Re: [PATCH v2 0/5] perf: KVM: Enable callchains for guests

From: Tianyi Liu
Date: Fri Oct 20 2023 - 05:24:44 EST


Hi Mark,

On Fri, 13 Oct 2023 15:01:22 +0100, Mark Rutland wrote:
> > > > The event processing flow is as follows (shown as backtrace):
> > > > #0 kvm_arch_vcpu_get_frame_pointer / kvm_arch_vcpu_read_virt (per arch)
> > > > #1 kvm_guest_get_frame_pointer / kvm_guest_read_virt
> > > > <callback function pointers in `struct perf_guest_info_callbacks`>
> > > > #2 perf_guest_get_frame_pointer / perf_guest_read_virt
> > > > #3 perf_callchain_guest
> > > > #4 get_perf_callchain
> > > > #5 perf_callchain
> > > >
> > > > Between #0 and #1 is the interface between KVM and the arch-specific
> > > > impl, while between #1 and #2 is the interface between Perf and KVM.
> > > > The 1st patch implements #0. The 2nd patch extends interfaces between #1
> > > > and #2, while the 3rd patch implements #1. The 4th patch implements #3
> > > > and modifies #4 #5. The last patch is for userspace utils.
> > > >
> > > > Since arm64 hasn't provided some foundational infrastructure (interface
> > > > for reading from a virtual address of guest), the arm64 implementation
> > > > is stubbed for now because it's a bit complex, and will be implemented
> > > > later.
> > >
> > > I hope you realise that such an "interface" would be, by definition,
> > > fragile and very likely to break in a subtle way. The only existing
> > > case where we walk the guest's page tables is for NV, and even that is
> > > extremely fragile.
> >
> > For walking the guest's page tables, yes, there're only very few
> > use cases. Most of them are used in nested virtualization and XEN.
>
> The key point isn't the lack of use cases; the key point is that *this is
> fragile*.
>
> Consider that walking guest page tables is only safe because:
>
> (a) The walks happen in the guest-physical / intermiediate-physical address
> space of the guest, and so are not themselves subject to translation via
> the guest's page tables.
>
> (b) Special traps were added to the architecture (e.g. for TLB invalidation)
> which allow the host to avoid race conditions when the guest modifies page
> tables.
>
> For unwind we'd have to walk structures in the guest's virtual address space,
> which can change under our feet at any time the guest is running, and handling
> that requires much more care.
>
> I think this needs a stronger justification, and an explanation of how you
> handle such races.

Yes, guests can modify the page tables at any time, so the page table
we obtain may be corrupted. We may not be able to complete the traversal
of the page table or may receive incorrect data.

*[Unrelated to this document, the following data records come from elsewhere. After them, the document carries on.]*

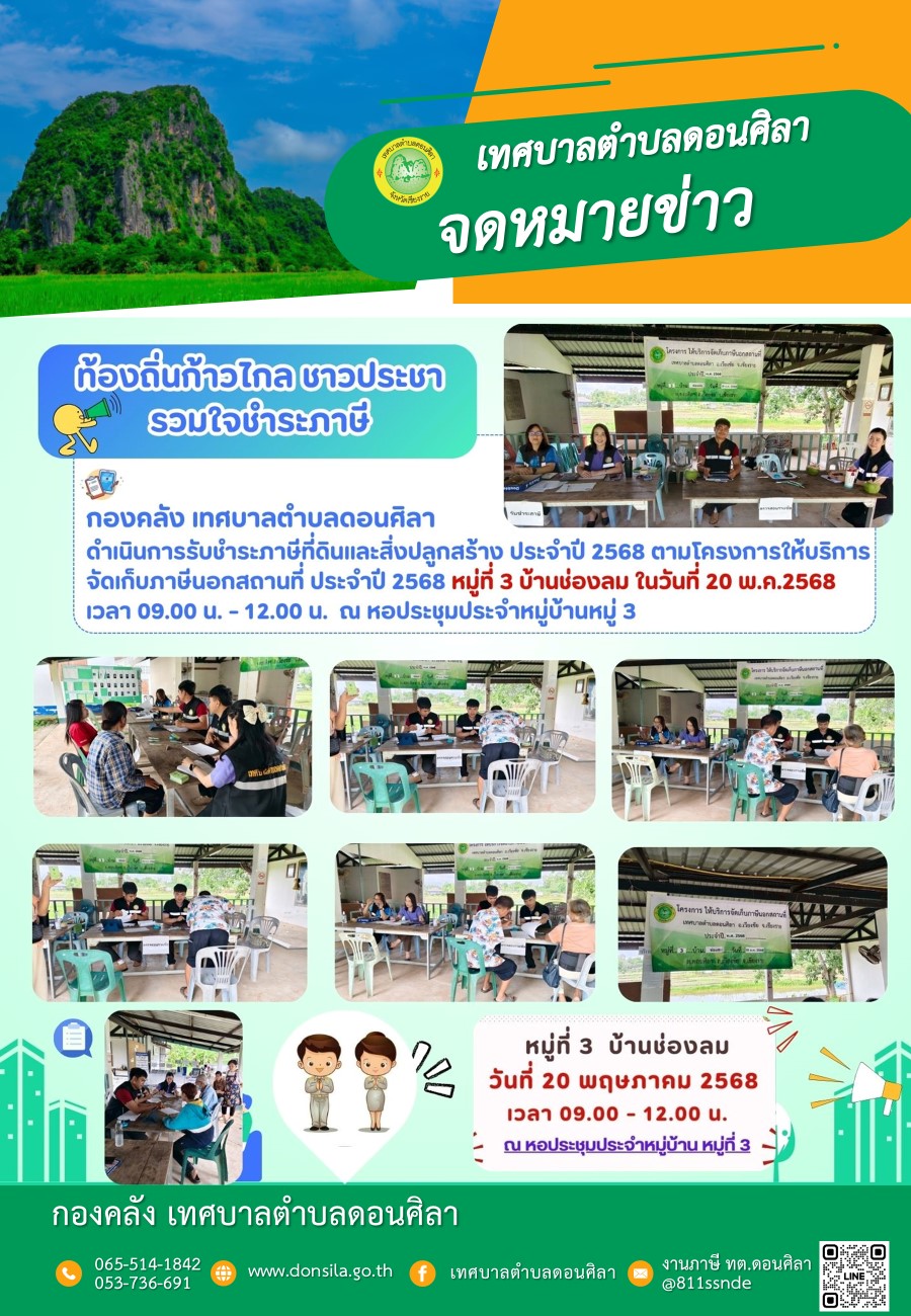 ประชาสัมพันธ์..โครงการ ให้บริการจัดเก็บภาษีนอกสถานที่ ประจำปี 2568 หมู่ที่ 3 บ้านช่องลม ต.ดอนศิลา อ.เวียงชัย จ.เชียงราย ในวันที่ 20 พ.ค. 2568 เวลา 09.00-12.00น. ณ หอประชุมประจำหมู่บ้าน หมู่ที่ 3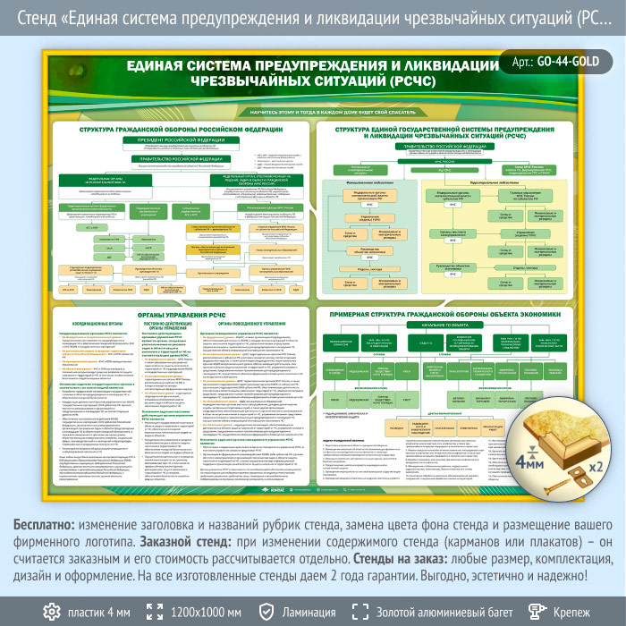 Стенд «Единая система предупреждения и ликвидации чрезвычайных ситуаций (РСЧС)» (GO-44-GOLD) в Сургуте купить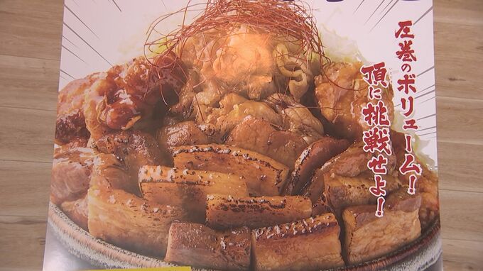 ごはんの上に大量の豚肉などが積み上げられた超大盛りメニューで総重量はなんと3キロ!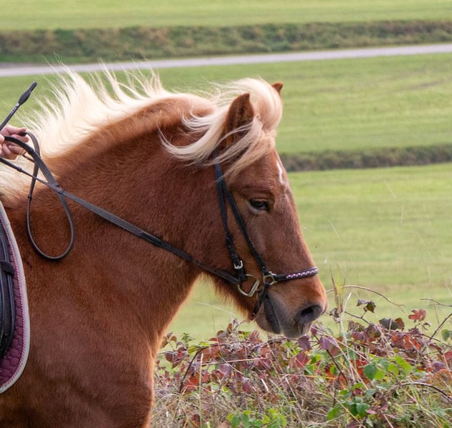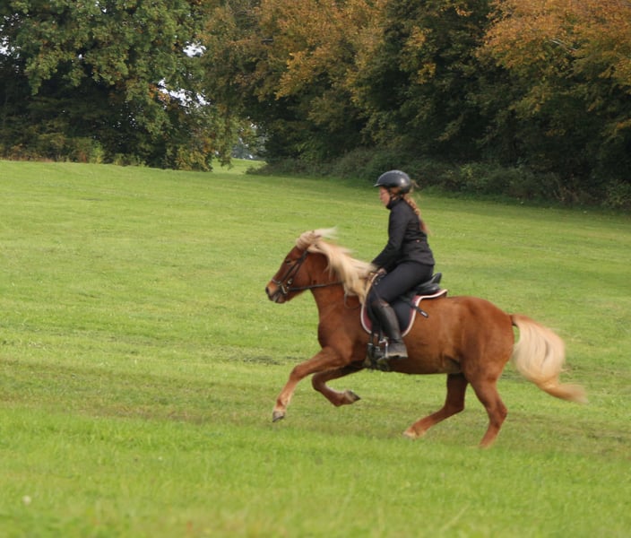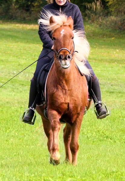 Zum Verkauf steht die 4,5 jährige, 5gängige Islandstute Maistjarna. Sie ist deutsch gezogen. Mit ihrem stimmigen, stabilen Gebäude, einer tollen Oberlinie und ihrer wunderschönen Farbe, ist sie ein echter Hinkucker. Auch ihr Charakter ist eine 12/10! Körperlich ist sie nicht die Größte, fühlt sich aber an wie ein "richtiges Pferd". Ich schätze sie auf ca. 1,37m, wobei sie aktuell noch wächst! Stabil gebaut! In der Herde ist sie absolut unkompliziert und eher rangniedrig. V: Krani frá Hofi Sie ist erst seit kurzem (Ende August) unter dem Sattel und begeistert seit dem 1. Training mit ihrer unkomplizierten, lerwilligen Arbeitseinstellung. Die Stute wird auf dem Platz und im Gelände (auch alleine!) aktuell 4gängig geritten. Die Gänge sind problemlos abrufbar Sie zeigt sich gut ausbalanciert, mit viel Takt und Fluss in allen Gangarten. Ein absolutes Sofa! Besonders viel Freude bereitet ihr endloser Tölt. Diesen zeigt sie, trotz der sehr kurzen Zeit unter dem Sattel, bereits problemlos am losen Zügel (siehe Bilder). Maistjarna verfügt über mittleres Temperament, will immer gefallen und ist absolut kopfklar! Auch für schwächere Reiter geeignet. Geht brav mit Kindern an der Longe oder Spazieren. Aktuell ist sie UNBESCHLAGEN und zeigt bereits, dass da noch ganz viel Luft nach oben ist! Wir konnten hier keinerlei Unarten festellen. Maistjarna zeigt keine Anzeichen von Ekzem. Sie ist Tetanus und Influenza geimpft Sie lernt alles kennen was ein junges Pferd kennen muss : -Verladen -Ausschneiden -Kühe -Schafe -Hunde -Kinder -Longieren -Handpferdereiten -Stangen -Doppellonge Maistjarna hat ein Herz aus Gold und verdient ein 5****Zuhause! Ob für die Zucht (hatte bereits 1 Fohlen), Turnier oder einfach endloses Durch-den-Wald-tölten, Maistjarna deckt alles ab! Wer einen kopfklaren Allrounder mit viel Herz sucht, ist hier genau richtig. Vorbei kommen und verlieben! Ich wünsche mir für sie ein gutes Zuhause, in dem sie geschätzt wird! Bei weiterer Ausbildung steigt der Preis.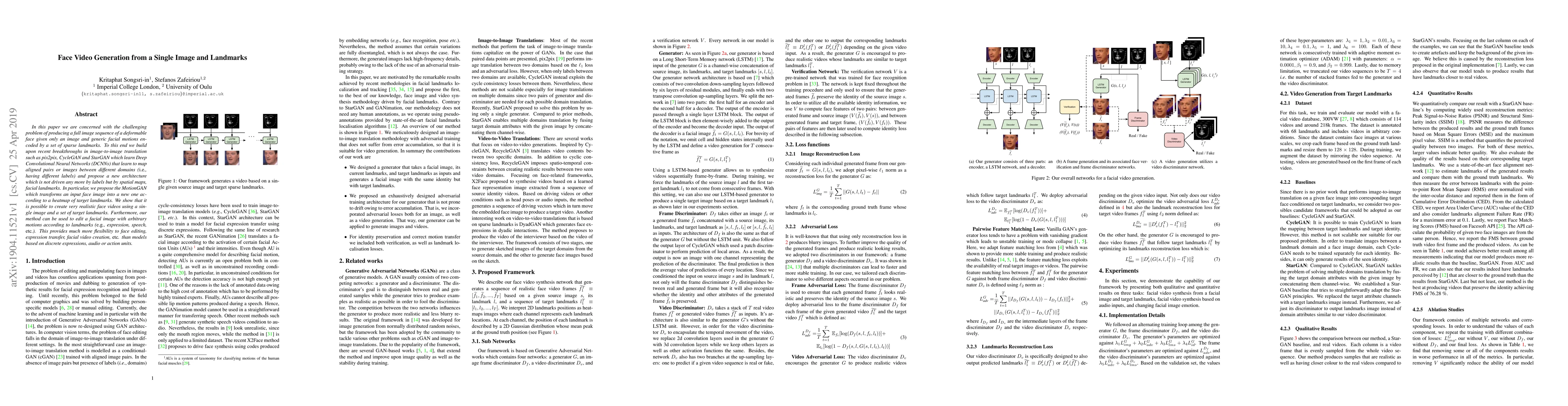 Researchers developed a new method called MotionGAN to generate realistic face videos from a single image and facial landmarks, offering more flexibility in editing and creating facial content.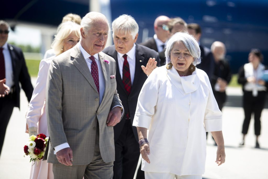 King Charles, left, and his representative in Canada, Governor General Mary Simon leave the tarmac after his arrival on May 26. The Hill Times photograph by Andrew Meade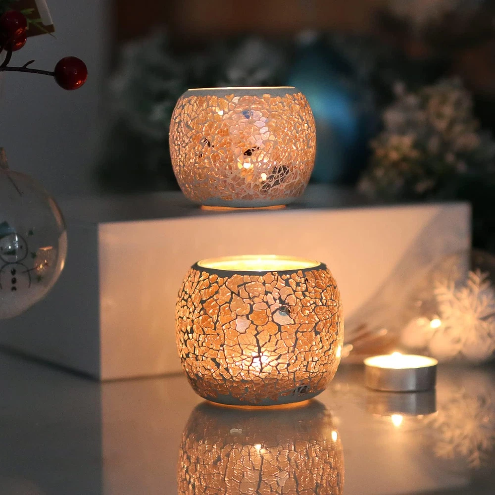 These candle holders are absolutely stunning! The delicate mosaic design and cracked glass give them a romantic, vintage charm. Perfect for weddings, dinners, or adding cozy ambiance to any space. The nude gold color is elegant and versatile—great for Valentine’s, Christmas, or everyday decor. Handmade with care, they’re a beautiful addition to any table setting. Love how they catch the candlelight! Highly recommend for anyone looking to add a touch of warmth and elegance to their home.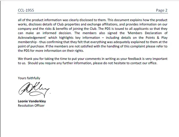 We have been offered $7000 refund of our $10490 membership and after going to the Dept of Fair Trading and the Financial Ombudsman we finally have the 2 nights accommodation booked, and our transfer, but the stumbling block seems to be that we want to see the "cancellation deed" with non disclosure clause before agreeing to it and signing it. We were told the $3000 was an exit fee, which we have said they cant use that term as by their own PDS the exit fee is $315.

However, these are not critical issues because we often encounter
incorrect stack unwinding results. In fact, here we assume that the
guest OS/program has stack frames (compiled with `fno-omit-frame-pointer`),
but many programs do not adhere to such an assumption, which often leads
to invalid results. This is almost unavoidable, especially when the
guest OS is running third-party programs. The unwind results we record
may be incorrect; if the unwind cannot continue, we only record the
existing results. Addresses that cannot be resolved to symbols will be
later marked as `[unknown]` by `perf kvm`, and this is very common.

Our unwind strategy is conservative to ensure safety and do our best in
readonly situations. If the guest page table is broken, or the address
to be read is somehow not in the guest page table, we will not inject a
page fault but simply stop the unwind. The function that walks the
page table is done entirely in software and is readonly, having no
additional impact on the guest. Some results could also be incorrect.
It is sufficient as long as most of the records are correct for profiling.

Do you think these address your concerns?

Thanks,
Tianyi Liu